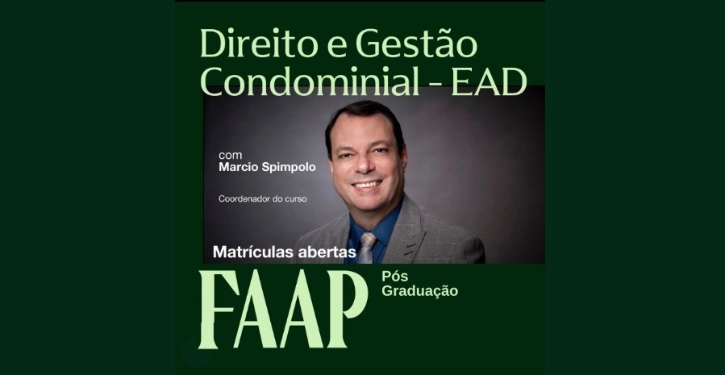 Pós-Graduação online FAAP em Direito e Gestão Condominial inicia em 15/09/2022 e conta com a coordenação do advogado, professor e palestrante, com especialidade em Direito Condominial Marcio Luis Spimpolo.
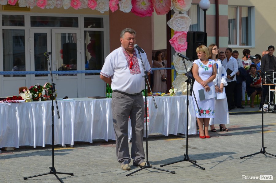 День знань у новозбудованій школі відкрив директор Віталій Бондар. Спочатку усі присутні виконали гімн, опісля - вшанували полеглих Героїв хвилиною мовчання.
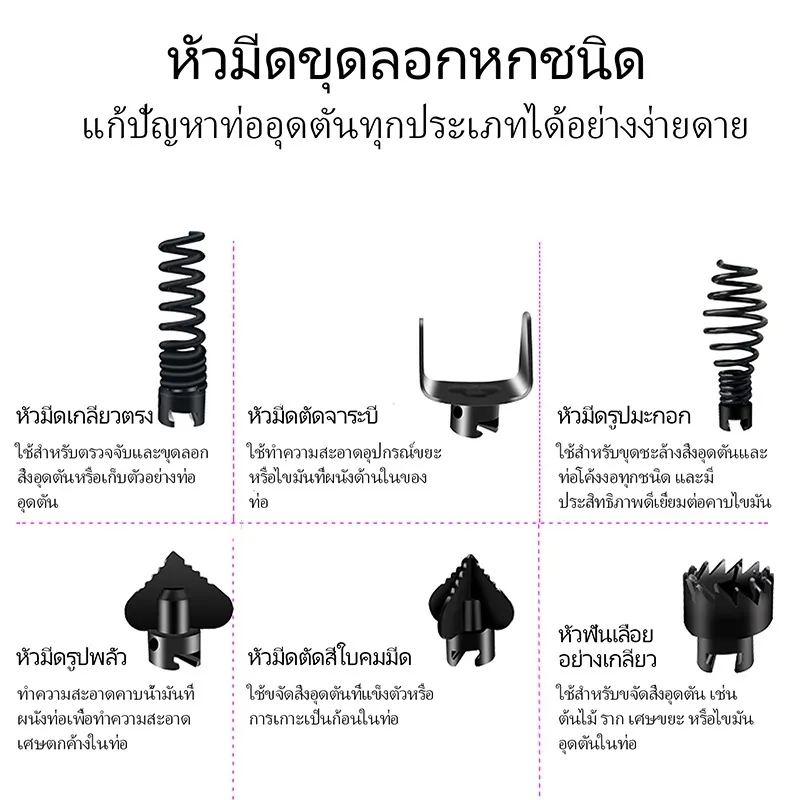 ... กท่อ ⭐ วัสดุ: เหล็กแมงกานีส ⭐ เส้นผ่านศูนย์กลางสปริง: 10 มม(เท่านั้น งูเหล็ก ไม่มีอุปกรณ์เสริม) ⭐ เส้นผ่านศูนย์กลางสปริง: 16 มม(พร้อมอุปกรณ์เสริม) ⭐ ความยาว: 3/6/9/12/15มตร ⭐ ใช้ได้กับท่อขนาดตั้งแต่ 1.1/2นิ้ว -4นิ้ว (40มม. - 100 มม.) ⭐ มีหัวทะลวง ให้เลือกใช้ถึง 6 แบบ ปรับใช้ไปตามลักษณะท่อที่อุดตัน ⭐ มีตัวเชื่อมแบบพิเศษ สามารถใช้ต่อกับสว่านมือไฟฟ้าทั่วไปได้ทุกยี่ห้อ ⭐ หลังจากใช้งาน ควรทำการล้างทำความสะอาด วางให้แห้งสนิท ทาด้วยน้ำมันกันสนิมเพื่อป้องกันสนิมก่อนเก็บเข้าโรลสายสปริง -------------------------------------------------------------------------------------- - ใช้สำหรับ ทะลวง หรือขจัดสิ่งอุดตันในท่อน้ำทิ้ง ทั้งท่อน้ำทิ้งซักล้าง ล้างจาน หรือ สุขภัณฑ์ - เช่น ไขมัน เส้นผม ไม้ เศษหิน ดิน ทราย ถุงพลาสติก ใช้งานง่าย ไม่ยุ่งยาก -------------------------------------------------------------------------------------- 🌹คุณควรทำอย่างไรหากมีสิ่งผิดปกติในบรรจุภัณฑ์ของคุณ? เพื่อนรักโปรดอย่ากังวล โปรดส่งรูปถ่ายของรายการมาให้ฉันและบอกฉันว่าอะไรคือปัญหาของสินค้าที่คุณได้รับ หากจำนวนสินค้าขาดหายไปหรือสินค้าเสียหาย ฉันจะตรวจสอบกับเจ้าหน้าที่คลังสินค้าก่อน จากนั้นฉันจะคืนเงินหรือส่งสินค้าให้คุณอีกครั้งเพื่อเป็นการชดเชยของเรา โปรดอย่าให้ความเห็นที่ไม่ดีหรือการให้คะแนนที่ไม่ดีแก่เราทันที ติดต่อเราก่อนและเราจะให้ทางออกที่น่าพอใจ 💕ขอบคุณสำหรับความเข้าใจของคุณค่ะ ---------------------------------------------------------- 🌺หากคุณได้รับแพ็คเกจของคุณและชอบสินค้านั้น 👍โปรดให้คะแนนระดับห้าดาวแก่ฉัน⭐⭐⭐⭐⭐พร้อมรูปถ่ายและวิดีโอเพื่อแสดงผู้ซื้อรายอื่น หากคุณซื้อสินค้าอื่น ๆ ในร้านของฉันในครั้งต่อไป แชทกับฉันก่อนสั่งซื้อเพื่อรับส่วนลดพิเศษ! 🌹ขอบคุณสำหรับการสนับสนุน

---

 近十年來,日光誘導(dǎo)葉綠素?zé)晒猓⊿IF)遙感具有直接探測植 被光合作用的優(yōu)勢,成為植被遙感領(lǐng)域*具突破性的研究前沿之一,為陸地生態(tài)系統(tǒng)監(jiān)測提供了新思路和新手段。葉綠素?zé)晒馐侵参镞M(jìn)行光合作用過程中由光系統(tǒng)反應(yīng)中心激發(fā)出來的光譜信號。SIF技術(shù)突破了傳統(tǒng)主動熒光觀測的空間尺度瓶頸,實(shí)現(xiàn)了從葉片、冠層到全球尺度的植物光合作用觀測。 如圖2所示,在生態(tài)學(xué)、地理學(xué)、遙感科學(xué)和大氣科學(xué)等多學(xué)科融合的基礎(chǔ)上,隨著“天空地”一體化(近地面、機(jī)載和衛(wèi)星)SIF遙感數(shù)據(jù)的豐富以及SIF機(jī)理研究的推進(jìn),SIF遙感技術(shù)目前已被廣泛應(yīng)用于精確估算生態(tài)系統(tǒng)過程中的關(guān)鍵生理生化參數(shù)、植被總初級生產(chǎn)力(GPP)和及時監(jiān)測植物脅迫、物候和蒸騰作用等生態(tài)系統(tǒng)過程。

• Task instructions: Would you print exactly the lines in the listing above, from the line bearing "День знань у" through the line bearing "วัสดุ: เหล็กแมงกานีส ⭐", leaving out all pictures?

• Exercise solution:
 День знань у новозбудованій школі відкрив директор Віталій Бондар. Спочатку усі присутні виконали гімн, опісля - вшанували полеглих Героїв хвилиною мовчання.
 ... กท่อ ⭐ วัสดุ: เหล็กแมงกานีส ⭐ เส้นผ่านศูนย์กลางสปริง: 10 มม(เท่านั้น งูเหล็ก ไม่มีอุปกรณ์เสริม) ⭐ เส้นผ่านศูนย์กลางสปริง: 16 มม(พร้อมอุปกรณ์เสริม) ⭐ ความยาว: 3/6/9/12/15มตร ⭐ ใช้ได้กับท่อขนาดตั้งแต่ 1.1/2นิ้ว -4นิ้ว (40มม. - 100 มม.) ⭐ มีหัวทะลวง ให้เลือกใช้ถึง 6 แบบ ปรับใช้ไปตามลักษณะท่อที่อุดตัน ⭐ มีตัวเชื่อมแบบพิเศษ สามารถใช้ต่อกับสว่านมือไฟฟ้าทั่วไปได้ทุกยี่ห้อ ⭐ หลังจากใช้งาน ควรทำการล้างทำความสะอาด วางให้แห้งสนิท ทาด้วยน้ำมันกันสนิมเพื่อป้องกันสนิมก่อนเก็บเข้าโรลสายสปริง -------------------------------------------------------------------------------------- - ใช้สำหรับ ทะลวง หรือขจัดสิ่งอุดตันในท่อน้ำทิ้ง ทั้งท่อน้ำทิ้งซักล้าง ล้างจาน หรือ สุขภัณฑ์ - เช่น ไขมัน เส้นผม ไม้ เศษหิน ดิน ทราย ถุงพลาสติก ใช้งานง่าย ไม่ยุ่งยาก -------------------------------------------------------------------------------------- 🌹คุณควรทำอย่างไรหากมีสิ่งผิดปกติในบรรจุภัณฑ์ของคุณ? เพื่อนรักโปรดอย่ากังวล โปรดส่งรูปถ่ายของรายการมาให้ฉันและบอกฉันว่าอะไรคือปัญหาของสินค้าที่คุณได้รับ หากจำนวนสินค้าขาดหายไปหรือสินค้าเสียหาย ฉันจะตรวจสอบกับเจ้าหน้าที่คลังสินค้าก่อน จากนั้นฉันจะคืนเงินหรือส่งสินค้าให้คุณอีกครั้งเพื่อเป็นการชดเชยของเรา โปรดอย่าให้ความเห็นที่ไม่ดีหรือการให้คะแนนที่ไม่ดีแก่เราทันที ติดต่อเราก่อนและเราจะให้ทางออกที่น่าพอใจ 💕ขอบคุณสำหรับความเข้าใจของคุณค่ะ ---------------------------------------------------------- 🌺หากคุณได้รับแพ็คเกจของคุณและชอบสินค้านั้น 👍โปรดให้คะแนนระดับห้าดาวแก่ฉัน⭐⭐⭐⭐⭐พร้อมรูปถ่ายและวิดีโอเพื่อแสดงผู้ซื้อรายอื่น หากคุณซื้อสินค้าอื่น ๆ ในร้านของฉันในครั้งต่อไป แชทกับฉันก่อนสั่งซื้อเพื่อรับส่วนลดพิเศษ! 🌹ขอบคุณสำหรับการสนับสนุน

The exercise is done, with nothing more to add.